### Extracted records

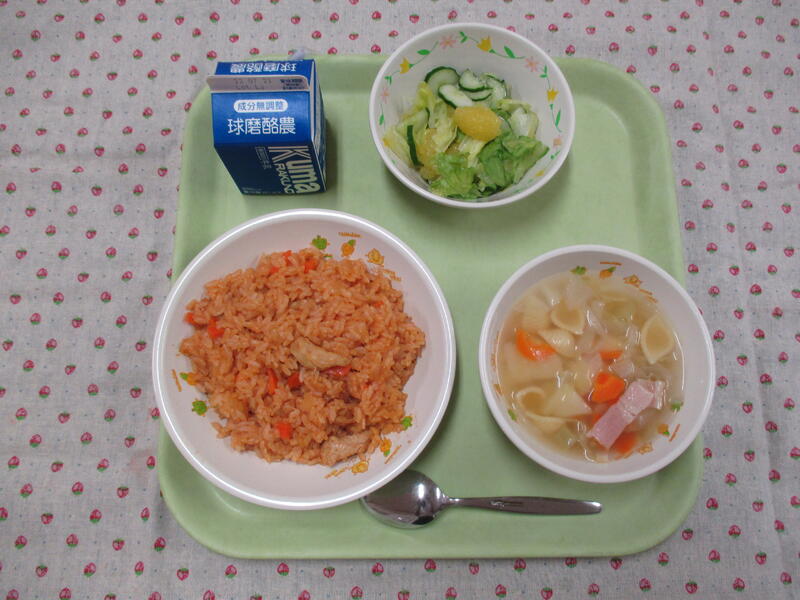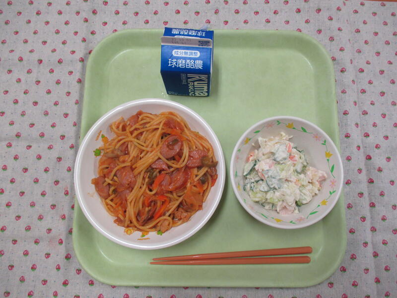 今日は、洋食メニューの代表スパゲティがメインで、細かく刻んだ野菜とミンチがよく絡んで、八代特産のトマトで作ったトマトケチャップが味をまとめてくれていまし。さらに、ヨーグルト和えが口直しに、さっぱりとさせてくれました。とてもおいしかったです。
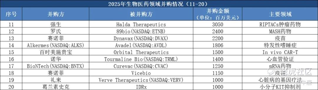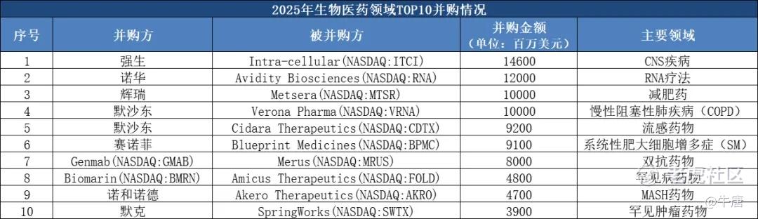 2025年,生物医药领域共发生46起并购事件,并购总额达1136.06亿美元。
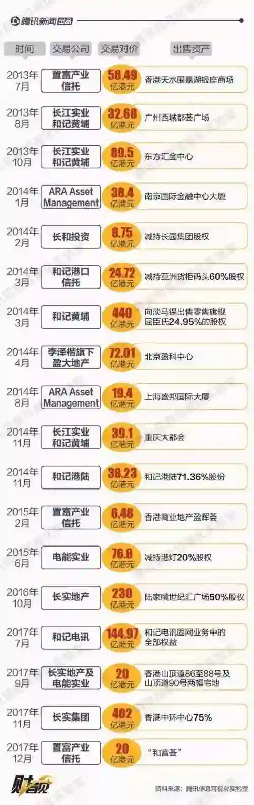 腾讯信息可视化实验室在近期制作了李嘉诚从2013年到2017年12月20日的出售版图和购买版图,我们来看看:
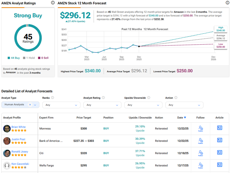 Overall, Wall Street has a Strong Buy consensus rating on Amazon stock based on 44 Buys versus one Hold recommendation. The average AMZN stock price target of $296.12 indicates 27.4% upside potential.
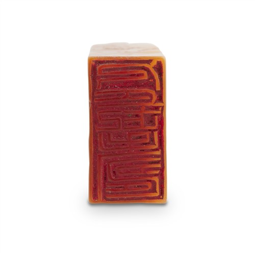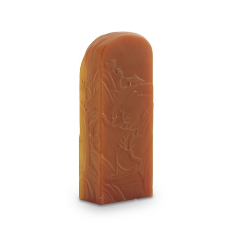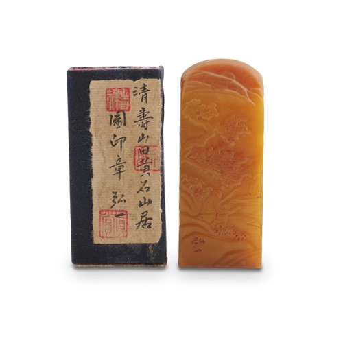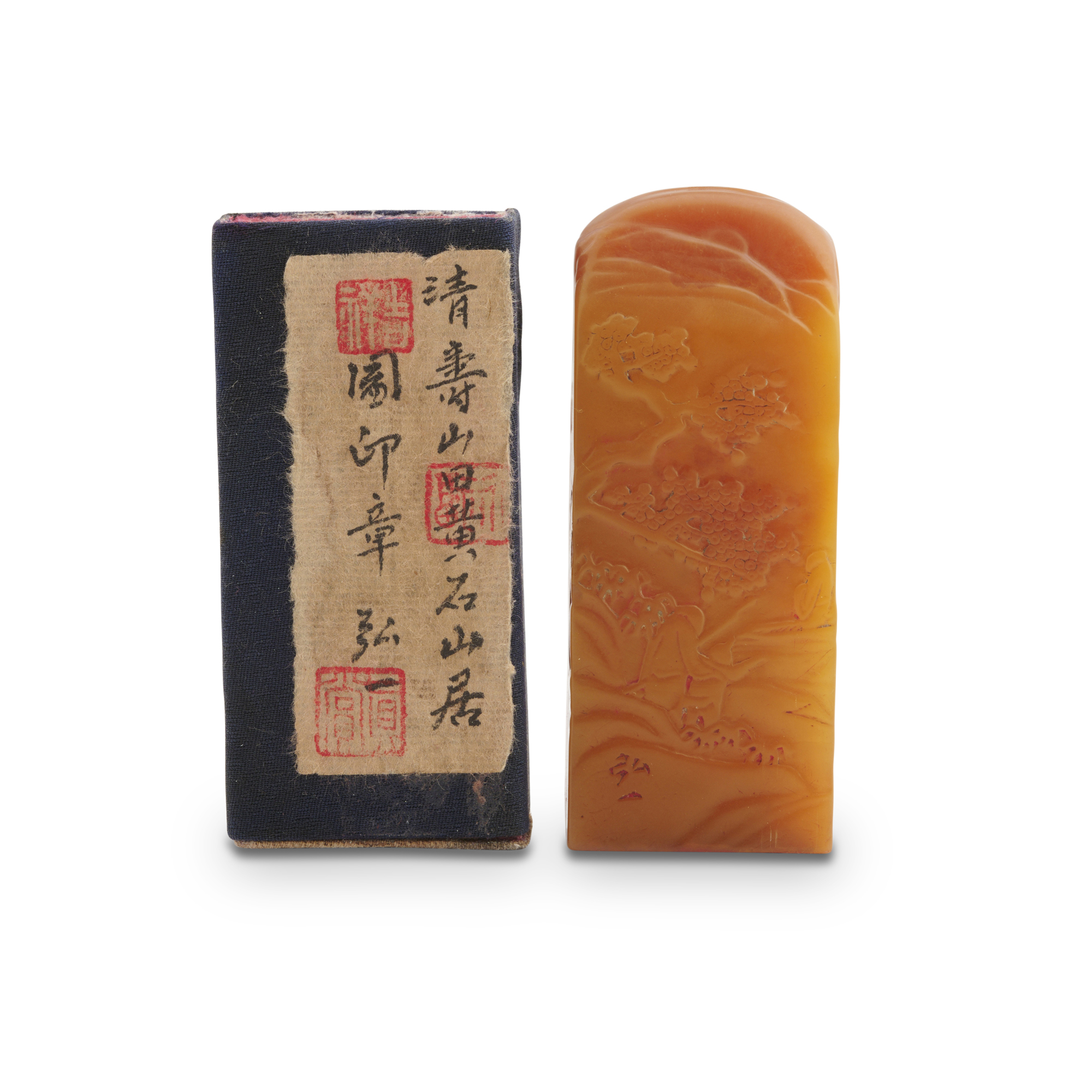 外壁淺浮雕山水人物,正面左下刻「弘一」款。印面刻「人長壽」四字,寓意延年益壽。
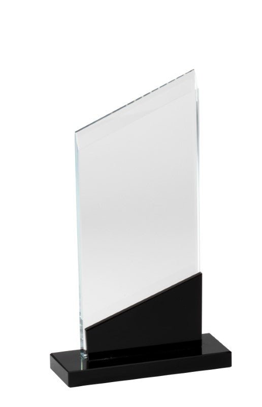 Elegant Angled Glass Award with Onyx Swirl Accent, Individually Boxed, Laserable
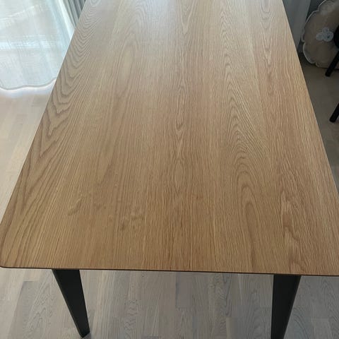 Matbord (Vilgot).MIO. 200x98x75 cm. Retroinspirerad skandinavisk design. Matbordet är förberett för att kompletteras med två tilläggsskivor à 45 cm. Matbord är i väldigt fint skick.
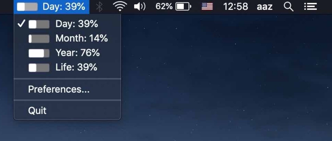 Progress Bar OSX shows you the exact percentage of how much the day, month, year and your life has progressed in your OSX menu bar ⏳
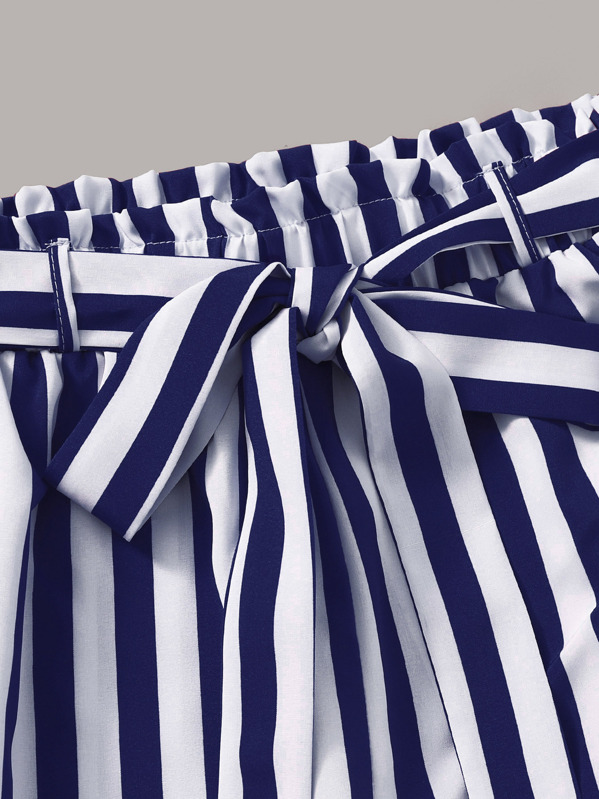 Frilled Button Bardot Top & Striped Paperbag Waist Trousers Set

######

→ Task prompt
Repeat the listing above up to and including the line with "Elegant Angled Glass", starting from its first line. Drop any pictures.

→ Task answer
 今日は、洋食メニューの代表スパゲティがメインで、細かく刻んだ野菜とミンチがよく絡んで、八代特産のトマトで作ったトマトケチャップが味をまとめてくれていまし。さらに、ヨーグルト和えが口直しに、さっぱりとさせてくれました。とてもおいしかったです。
 2025年,生物医药领域共发生46起并购事件,并购总额达1136.06亿美元。
 腾讯信息可视化实验室在近期制作了李嘉诚从2013年到2017年12月20日的出售版图和购买版图,我们来看看:
 Overall, Wall Street has a Strong Buy consensus rating on Amazon stock based on 44 Buys versus one Hold recommendation. The average AMZN stock price target of $296.12 indicates 27.4% upside potential.
 外壁淺浮雕山水人物,正面左下刻「弘一」款。印面刻「人長壽」四字,寓意延年益壽。
 Elegant Angled Glass Award with Onyx Swirl Accent, Individually Boxed, Laserable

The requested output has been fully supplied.